As we progress along the road of this pandemic-driven recession, CIOs and IT departments need to keep a clear-eyed view of the future and the tasks that we are held to manage. Because even as we deal with all the challenges of remote work, distributed decisions, and uncertain economic environments, we are also held to the challenges of supporting future business needs and supporting the next generation of technology, which continues to be created and launched. 

This means that we need to follow the path of COVID IT

If you’ve followed the stages and actions we recommended in our webinar series or at our Technology Expense Management Expo, you’ve passed through the stage of pure survival, securing remote work, and auditing your environment.
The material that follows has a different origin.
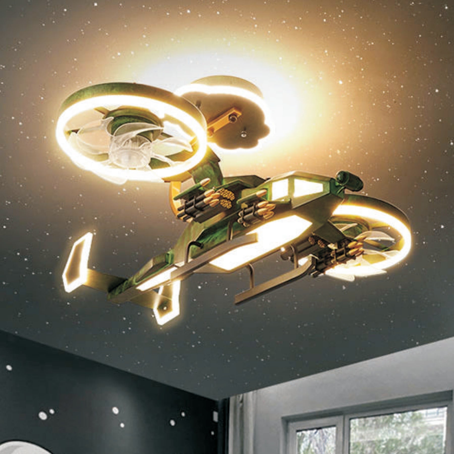 Add some playful and colorful vibes to your child's room with our LED fan light! This LED fan light features a cool helicopter design and comes with a remote control for easy color and brightness changes. Quiet fans offers a good sleep for your child. We use high quality parts with this light, it offers a safe and easy installation and a long lifespan. Plus, enjoy 3 years of worry-free use with our warranty.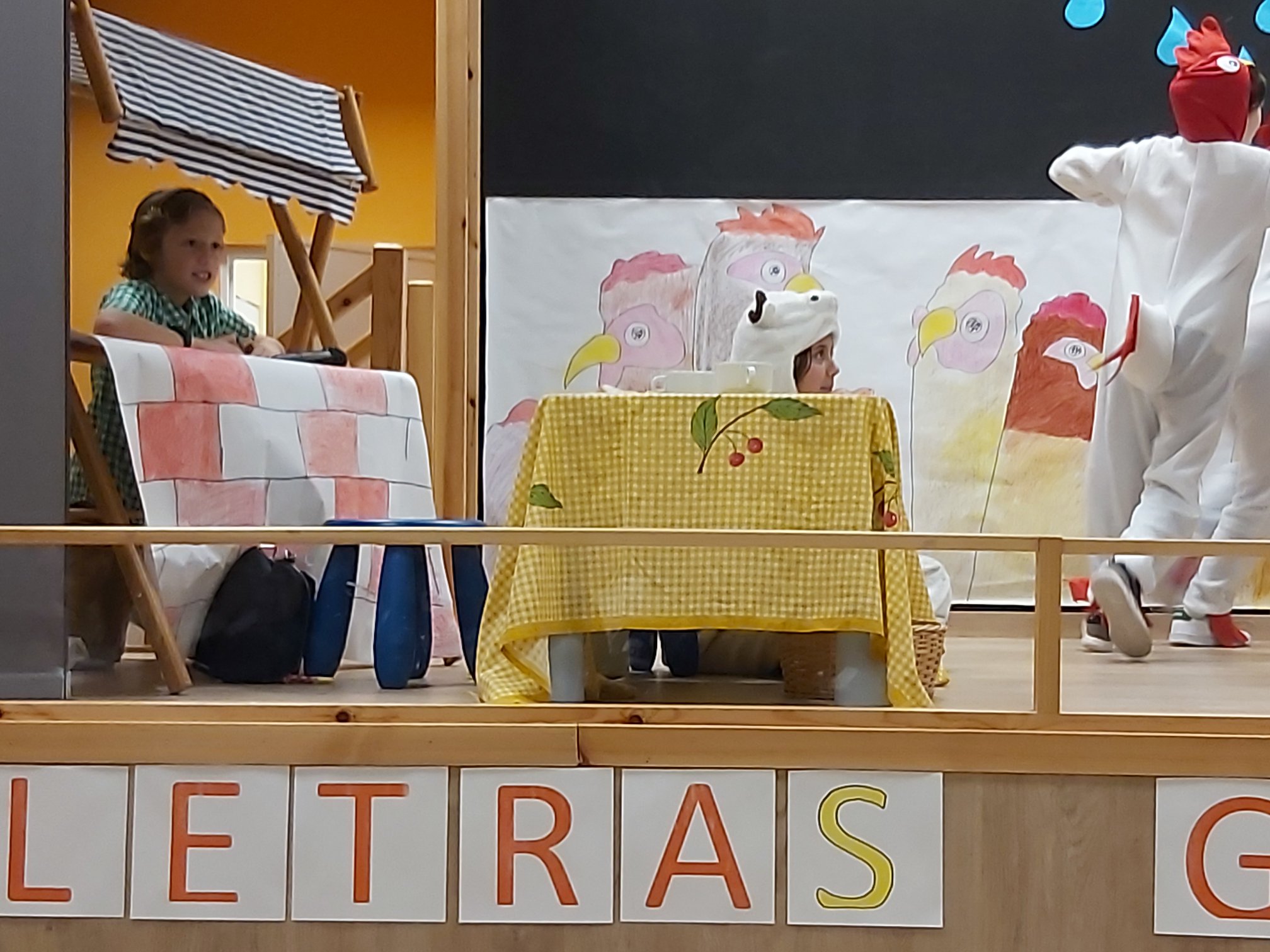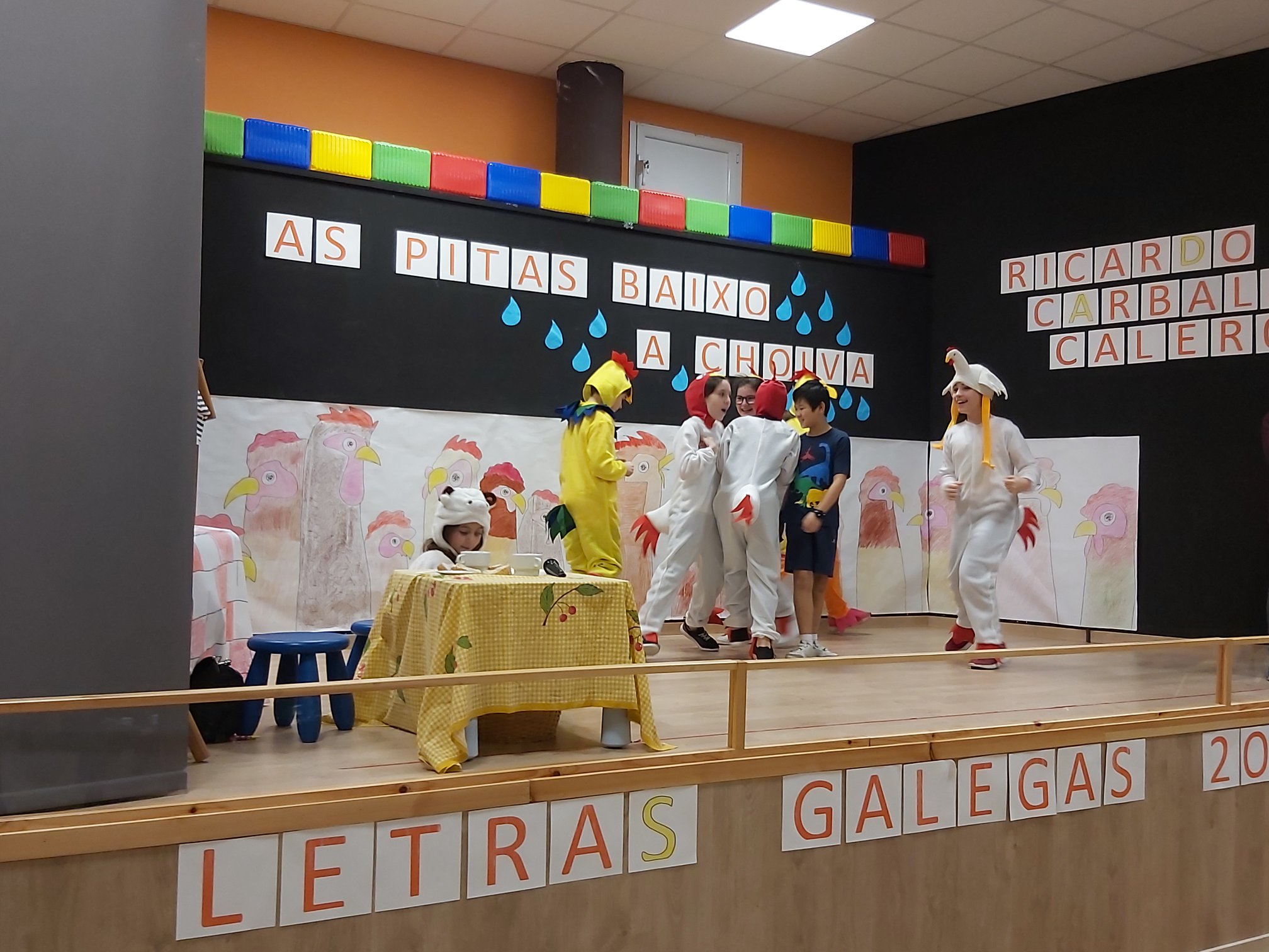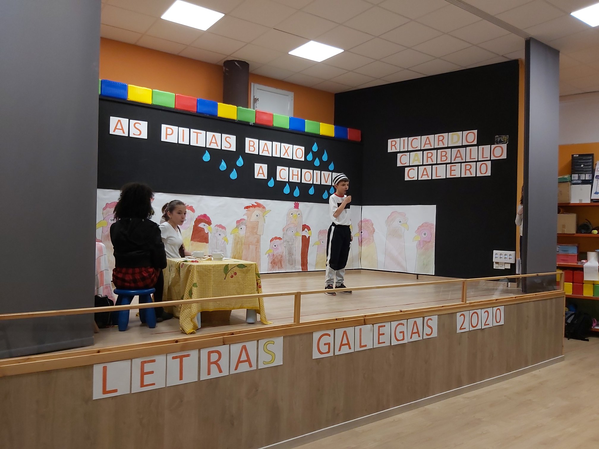 Un momento da representación do conto de Ricardo Carballo Calero "As pitas baixo a choiva".

Now, we are at Stage 4, which is to gather best practices, celebrate successes, and train employees on the New Normal.

A key aspect of Stage 4 and Stage 5 is the use of data and analytics to support better decision making, improved forecasting, more nuanced automation, and more accurate models and workflows to make sense of complex business phenomena as your organization continues to move from BI (Business Intelligence) to AI (Artificial Intelligence).

To prepare business data for future needs, Amalgam Insights recommends the following steps:

First, improve data collection. This means treating all data in your business as something that will be reused to provide value and cleaning up all existing data through data prep, data quality, and data transformation tasks. It also means putting data into the right format: the age of the relational database as the only tool for analytics is disappearing as non-relational and NoSQL databases have come to the forefront and graph databases like Neo4j and Amazon Neptune finally start their ascendent rise as relationship analytics and semantic search start to eclipse standard Boolean AND, OR, NOT and SQL-based logic.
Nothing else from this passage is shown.